Jan Stránský (honzik) said : | #1 |

Hello,

you cannot directly just compare young, confinement and force, they have different units.

Size of particles plays important role.

E.g. if you have half particle size, there are 4 times more particles on the same area to transmit the pressure, so the inter-particle forces will be 4 times smaller.

Also the maximum force is IMO not a very good indicator, there could be one "crazy" particle or interaction with much higher force then the rest of simulation (it is dynamic simulation after all), some average or mean or median or some distribution characteristics would IMO make more sense than plain maximum value.

You can easily check confinement, number of interactions and (average?) forces if the values roughly makes sense (and that you e.g. did not make mistake in physical units interpretation).

cheers

Jan

Leonard (z2521899293) said : | #2 |

Hi Jan,

Thanks for your reply.

1. The maximum force is IMO not a very good indicator.

>> Yes, I use maximum force here to say that I really got a small magnitude of ForceN.

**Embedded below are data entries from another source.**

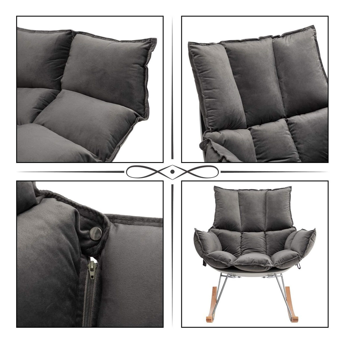 Esta mecedora tiene líneas suaves y aspecto moderno. El cojín grueso es suave y cómodo, fácil de desmontar y lavar. Proporciona un efecto de decoración perfecto para tu familia. Se puede utilizar en patio, balcón, sala de estar, oficina, etc.
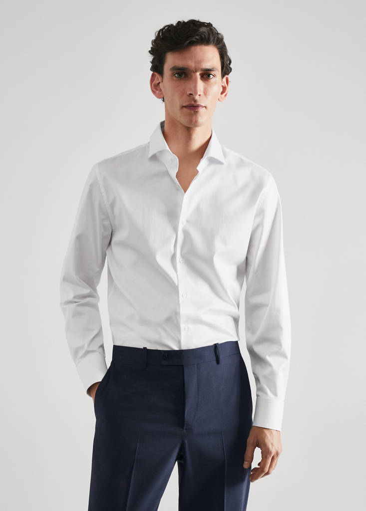Slim fit. Col regular. 100 % coton. Tissu twill. Repassage facile : tissu facile à repasser. Col cutaway. Manche longue. Poignet double avec bouton de manchette intégré. Fermeture à boutons
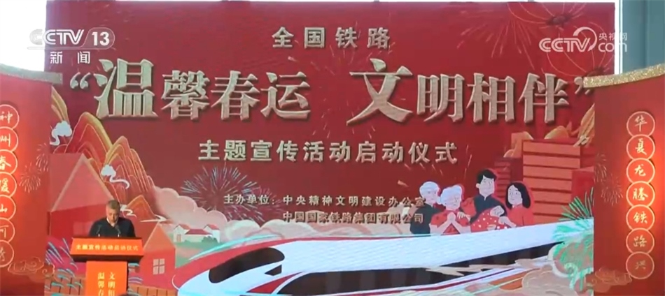 國(guó)鐵集團(tuán)黨組宣傳部副部長(zhǎng) 厲于:春運(yùn)來臨之際,全國(guó)鐵路開展“溫馨春運(yùn)、文明相伴”主題宣傳活動(dòng),發(fā)布鐵路旅客文明出行倡議,就是為了大力倡導(dǎo)互助友愛、文明禮讓的出行新風(fēng)尚,讓不文明行為得到有效抵制,讓旅客在春運(yùn)路上體驗(yàn)更美好。
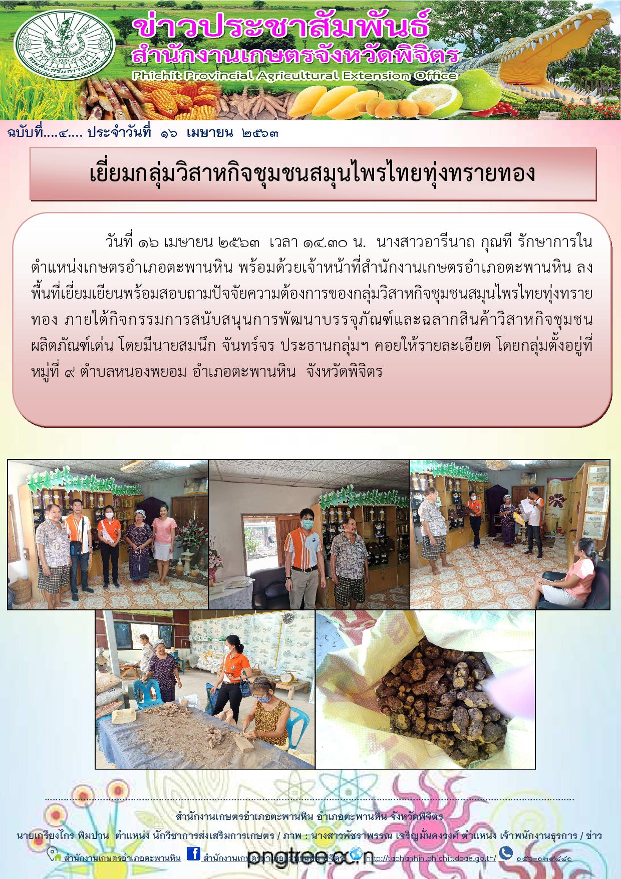 วันที่ 16 เมษายน 2563 เวลา 14.30 น. นางสาวอารีนาถ กุณที รักษาการในตำแหน่งเกษตรอำเภอตะพานหิน พร้อมด้วยเจ้าหน้าที่สำนักงานเกษตรอำเภอตะพานหิน ลงพื้นที่เยี่ยมเยียนพร้อมสอบถามปัจจัยความต้องการของกลุ่มวิสาหกิจชุมชนสมุนไพรไทยทุ่งทรายทอง ภายใต้กิจกรรมการสนับสนุนการพัฒนาบรรจุภัณฑ์และฉลากสินค้าวิสาหกิจชุมชนผลิตภัณฑ์เด่น โดยมีนายสมนึก จันทร์จร ประธานกลุ่มฯ คอยให้รายละเอียด โดยกลุ่มตั้งอยู่ที่หมู่ที่ 9 ตำบลหนองพยอม อำเภอตะพานหิน จังหวัดพิจิตร

2. You can easily check confinement, number of interactions and average forces.

Could you please explain more about how to relate these 3 values?

For my case, the size of sample is 0.07*0.07*0.14 (m), the size of particle is around 6 mm (from 2 to 9 mm), the number of spheres is 7000, the number of contacts is 13219 (at this moment), the average ForceN is around 5 N, the deviatoric stress q at this moment is around 160 kPa, the confinement is 100 kPa.

Thanks!

Leonard

Jan Stránský (honzik) said : | #3 |

> ... while the data I found in other papers usually could be several kN (such as 8 kN)

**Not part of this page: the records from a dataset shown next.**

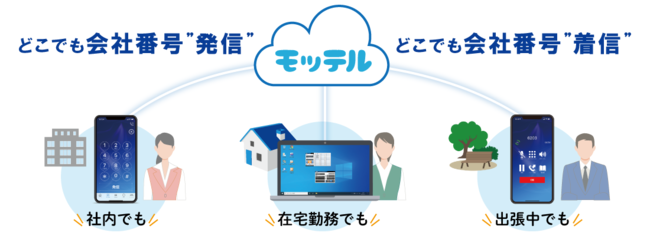 オフィスの移転時にも番号が変わらず、どこでもスマホやパソコンから会社番号で発信、着信ができるクラウド型ビジネスフォンサービスです。
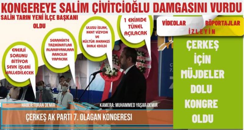 Ak Parti Çerkeş 7. Olağan Kongresini Çerkeş belediye sosyal tesislerinde sınırlı sayıda üyeler ve konukların katılımı ile yaptı. Kongreye tek liste ile giren Salih TARIN ilçe başkanı oldu.
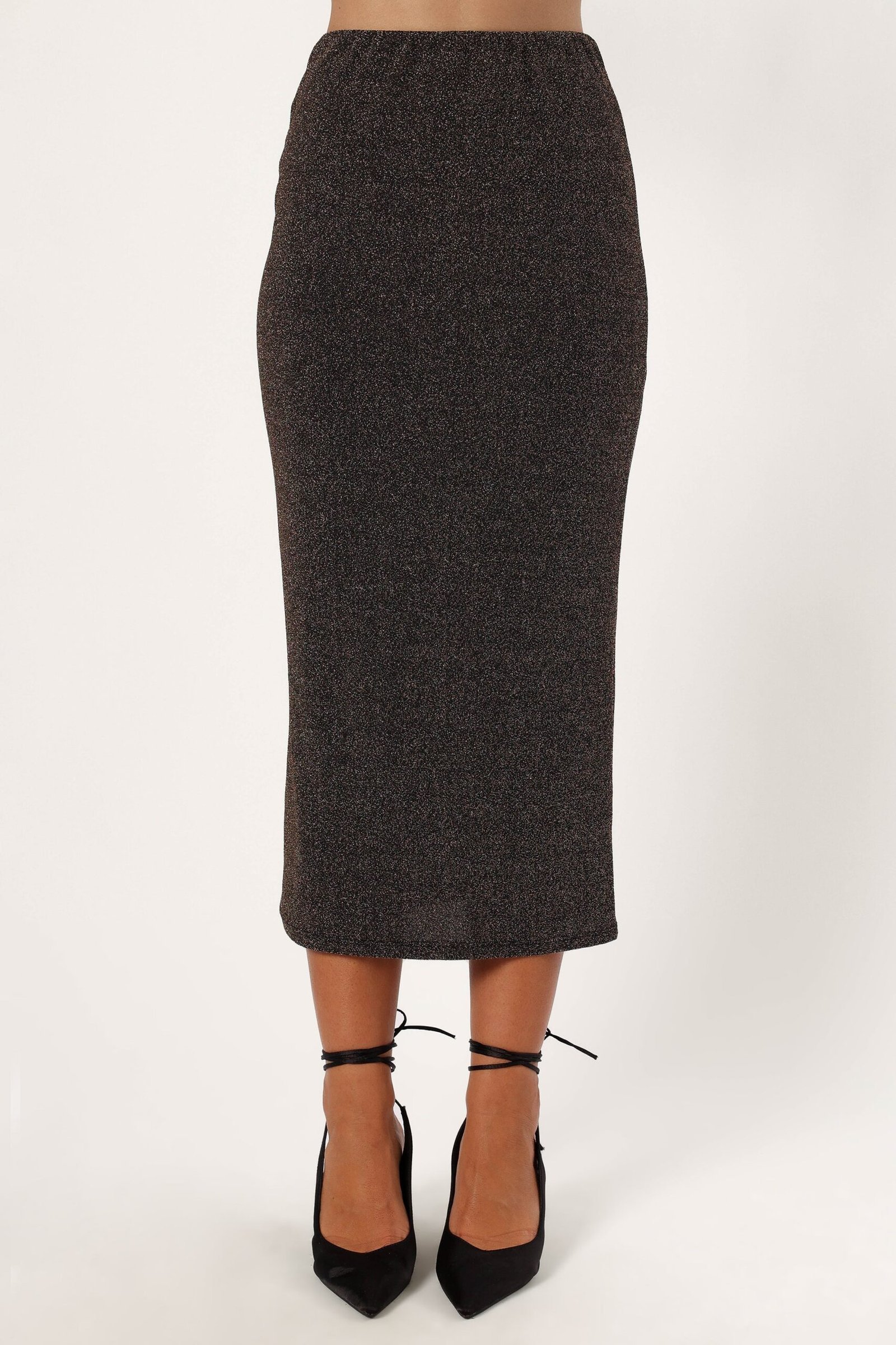 This high-waisted stunner, with an elasticised waist band, promises a flattering fit for all body types. It’s crafted with a dash of bronze lurex thread, adding a subtle shimmer that catches the light beautifully. The pull-on design ensures easy wear, making it a perfect blend of comfort and style.

> Yes, I use maximum force here to say that I really got a small magnitude of ForceN.

you really got small maximum force compared to someone else's maximum force (at least it sounds like that). It is possible that the other results are "crazy" and yours are OK.

Do you use the same particle sizes as the references?

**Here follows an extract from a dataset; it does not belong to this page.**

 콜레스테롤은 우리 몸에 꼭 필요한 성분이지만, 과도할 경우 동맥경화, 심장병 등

> Could you please explain more about how to relate these 3 values?

(veeeeery) rough and quick estimation for transverse direction:

At = transverse area = 0.07*0.14 = 0.0098 m2

Ft = transverse force = 100kPa * At = 100e3*0.0098 = 980 N

13219 interactions, dimensions 2:1:1 => 3300 per each transverse direction, 6600 per axial direction

V = volume = 0.07*0.07*0.14 = a*a*b = 2*a*a*a

3300 interactions per volume 2*a*a*a

We need estimation of number of interactions per area 2*a*a

2*a*a = (2*a*a*a) ^ (2/3) * 2^(1/3)

3300^(2/

980 N / 280 interactions = 3.5 N

so your average value 5 N makes perfect sense in this light.

cheers

Jan

Leonard (z2521899293) said : | #4 |

Hi Jan,

Do you use the same particle sizes as the references?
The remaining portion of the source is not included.